Ann de Forest • Ann’s fiction and nonfiction, as well as her practice as a walking artist, often center on the resonance of place. Her short stories, essays, and poetry have appeared in Cleaver Magazine, Found Poetry Review, The Journal, Hotel Amerika, Timber Creek Review, Open City, and PIF, and in Hidden City Daily, where she’s a contributing writer. Ann has documented stories of displacement for Al Bustan: Seeds of Culture, examined the bonds that develop between home health care providers and their patients in the book Healing on the Homefront, and has walked the entire perimeter of Philadelphia with three other artists, initiating an ongoing collaboration to open up new conversations about margins and edges, the power of slow creative practice, and art as collective witness.

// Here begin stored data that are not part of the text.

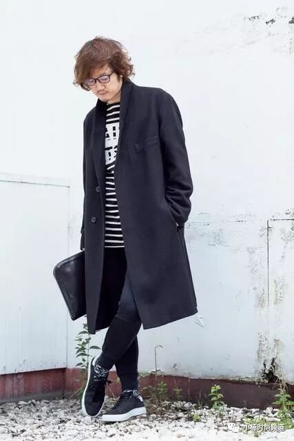 ▲ 就算是条纹衫加休闲棉裤,套上长版大衣就会变得简练沉稳。大衣、眼镜/UNIQLO,条纹T/MAISON KITSUNE,长裤/NIKE,休闲鞋/Amb,手拿包/aniary
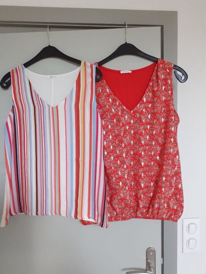 Vends 2 blouses peu portées la orange avec motifs a le dos uni orange et l ecru à rayures a le dos uni écru
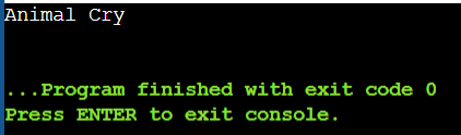 이런 경우 p->Cry();를 호출했을 때 아래의 결과 처럼 Animal Cry가 출력된다.
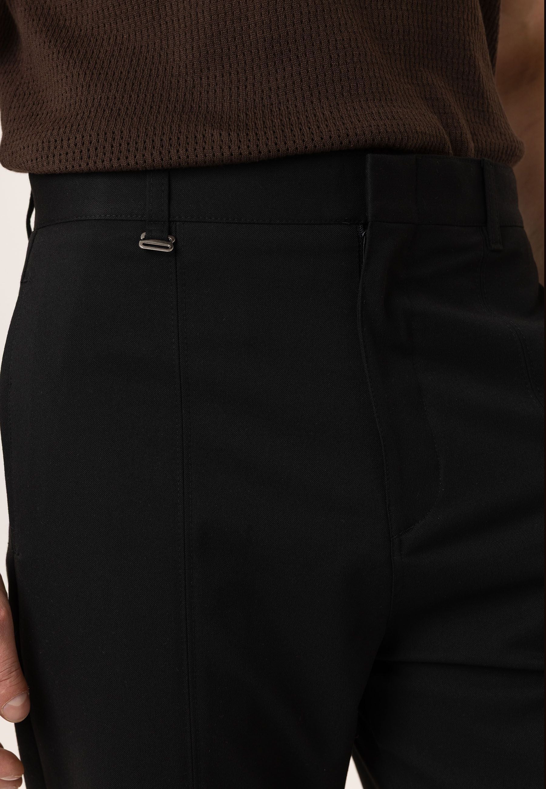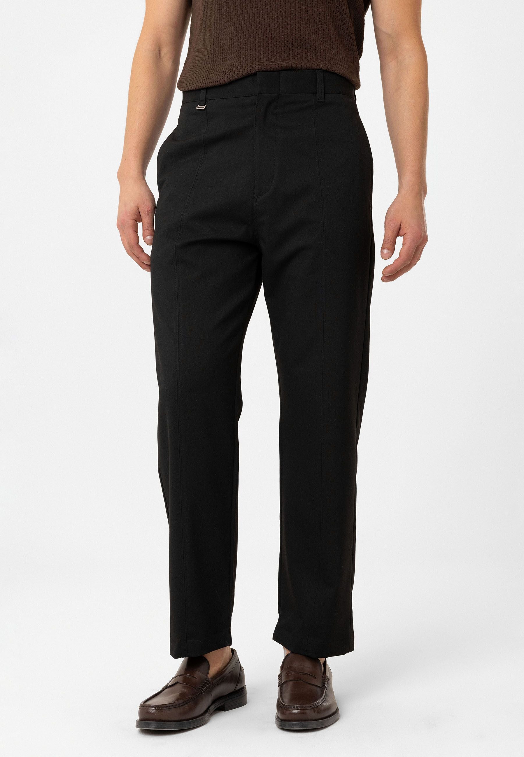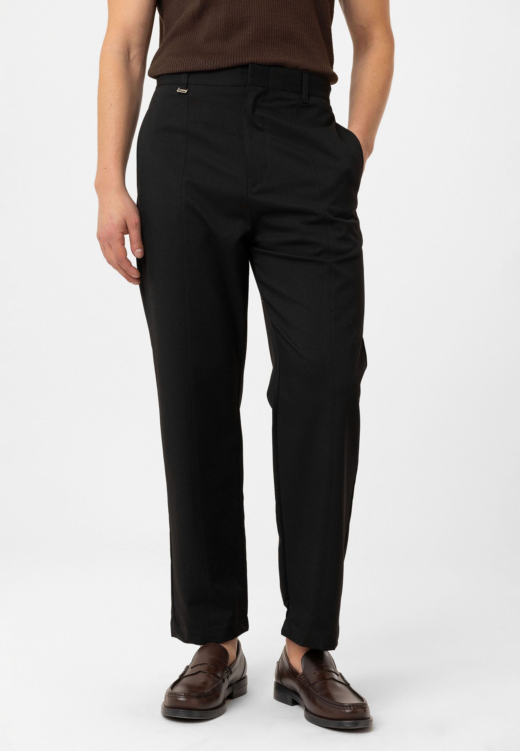 High Waist, Relaxed Fit Casual Trousers. Material 64% Polyester 33% Viscose 3% Elastane. Do not tumble dry, machine wash at 30°C. Our Model is 185 cm tall and is wearing size M

Louis Greenstein • Louis (http://www.louisgreenstein.com/) is the author of the novels The Song of Life (Ars Metaphysica/Sunbury Press) and Mr. Boardwalk (New Door Books). He is also the co-author, with Kate Ferber, of One Child Born, a cabaret based on the music of Laura Nyro, developed at CAP21 and produced by the New York Musical Festival, Boston's American Repertory Theater (Oberon Stage), Joe’s Pub at the Public Theater, World Cafe Live (Downstairs), and other venues on the East Coast. His one-act plays, Smoke, Interview with a Scapegoat, and The Convert, are published by Dramatic Publishing and have been produced in the United States and abroad. Louis is the co-author as well of With Albert Einstein, a one-man show about the great scientist. He is the recipient of a Pennsylvania Council on the Arts playwriting fellowship. His fiction has appeared in Margins Magazine, Philadelphia Stories, Muse Apprentice Guild, and Dream Forge and has been performed in the Writing Aloud series.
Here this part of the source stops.